The accretion of hydrogen-rich matter onto C/O and O/Ne white dwarfs in binary systems leads to unstable thermonuclear ignition of the accreted envelope , triggering a convective thermonuclear runaway and a subsequent classical , recurrent , or symbiotic nova .
Prompted by uncertainties in the composition at the base of the accreted envelope at the onset of convection , as well as the range of abundances detected in nova ejecta , we examine the effects of varying the composition of the accreted material .
For high accretion rates and carbon mass fractions < 2 \times 10 ^ { -3 } , we find that carbon , which is usually assumed to trigger the runaway via proton captures , is instead depleted and converted to ^ { 14 } N. Additionally , we quantify the importance of ^ { 3 } He , finding that convection is triggered by ^ { 3 } He + ^ { 3 } He reactions for ^ { 3 } He mass fractions > 2 \times 10 ^ { -3 } .
These different triggering mechanisms , which occur for critical abundances relevant to many nova systems , alter the amount of mass that is accreted prior to a nova , causing the nova rate to depend on accreted composition .

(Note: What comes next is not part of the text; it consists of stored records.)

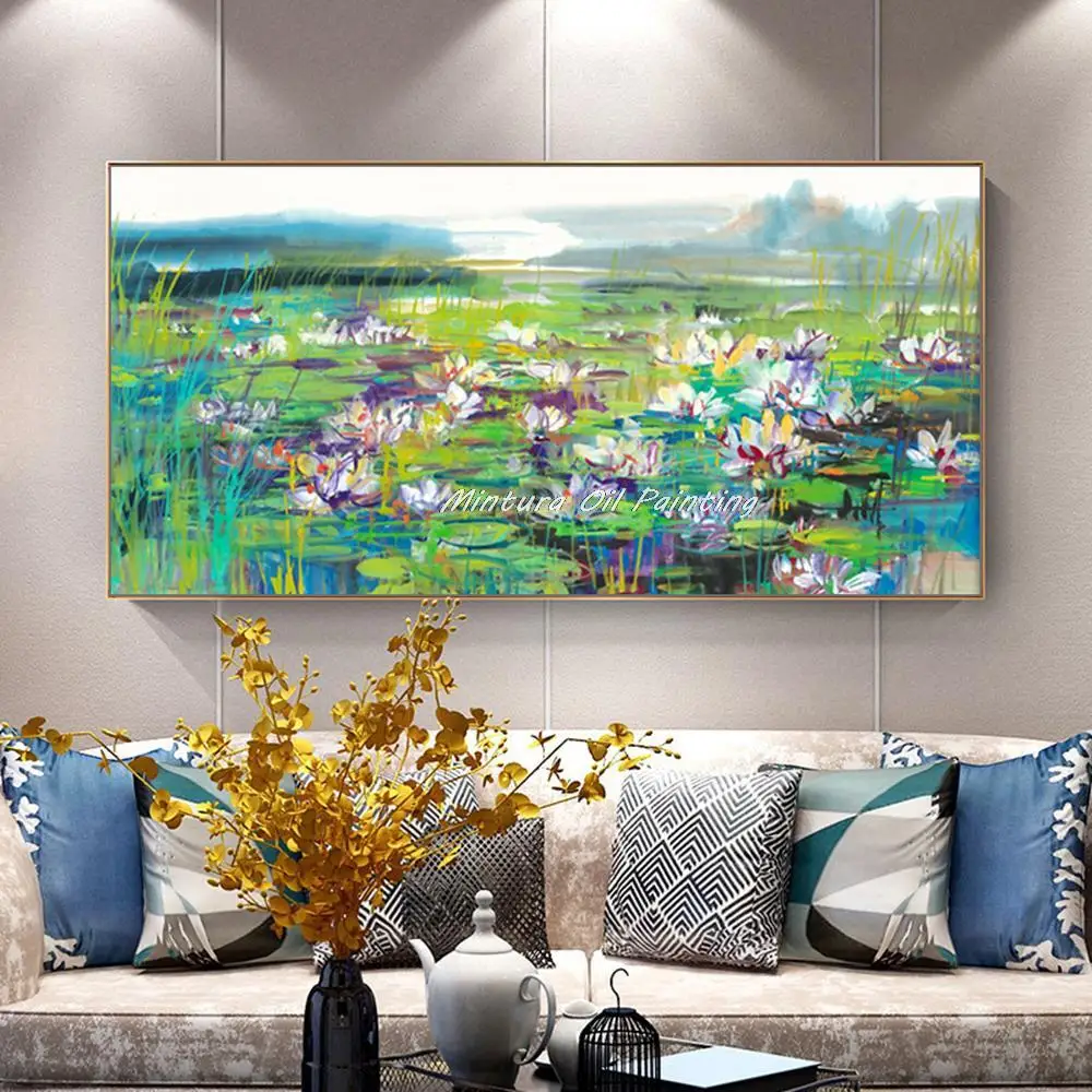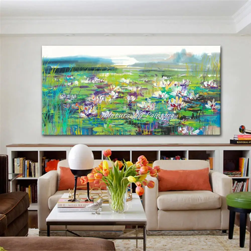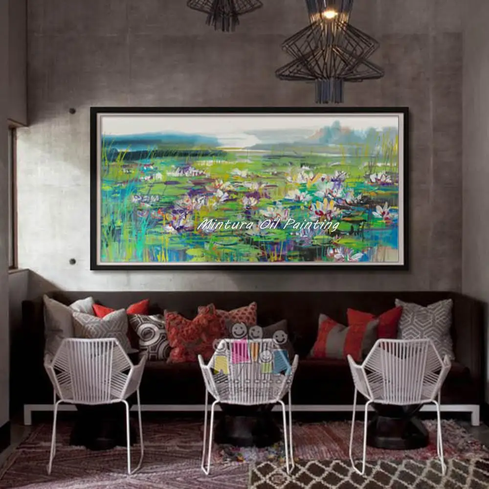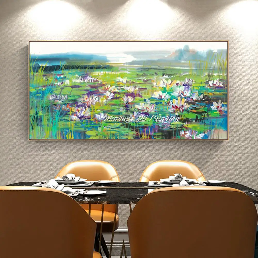 Mintura ручная роспись пейзаж с лотосами картина маслом на холсте Ручная работа цветы Настенная картина для гостиной спальни украшение дома
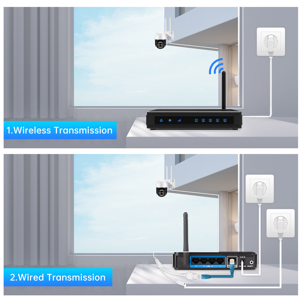 Питание от адаптера DC12V позволяет подключить камеру к сети Wi-Fi. Вы можете настроить Wi-Fi-соединение камеры или поиск по локальной сети с помощью сетевого кабеля, подключенного к маршрутизатору, работать только с Wi-Fi 2,4G (не поддерживает 5G).
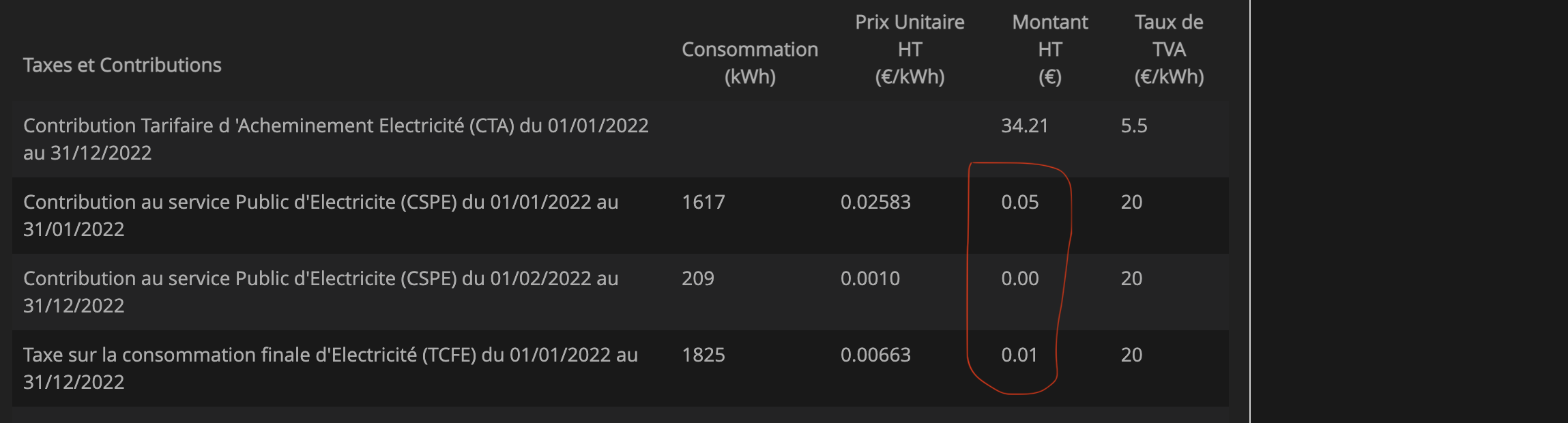 Je pense qu’il y a un souci dans la présentation de la facture dans la partie concernant les « Taxes et Contributions », les montants affichés dans la colonne « Montant HT » ne correspondent pas aux produits des 2 colonnes précédentes

Upcoming deep optical surveys such as Pan-STARRS-1 , Pan-STARRS-4 , and the Large Synoptic Survey Telescope may allow us to detect the dependence of nova rates on accreted composition .
Furthermore , the burning and depletion of ^ { 3 } He with a mass fraction of 10 ^ { -3 } , which is lower than necessary for triggering convection , still has an observable effect , resulting in a pre-outburst brightening in disk quiescence to > L _ { \odot } and an increase in effective temperature to 6.5 \times 10 ^ { 4 } K for a 1.0 M _ { \odot } white dwarf accreting at 10 ^ { -8 } M _ { \odot } { yr } ^ { -1 } .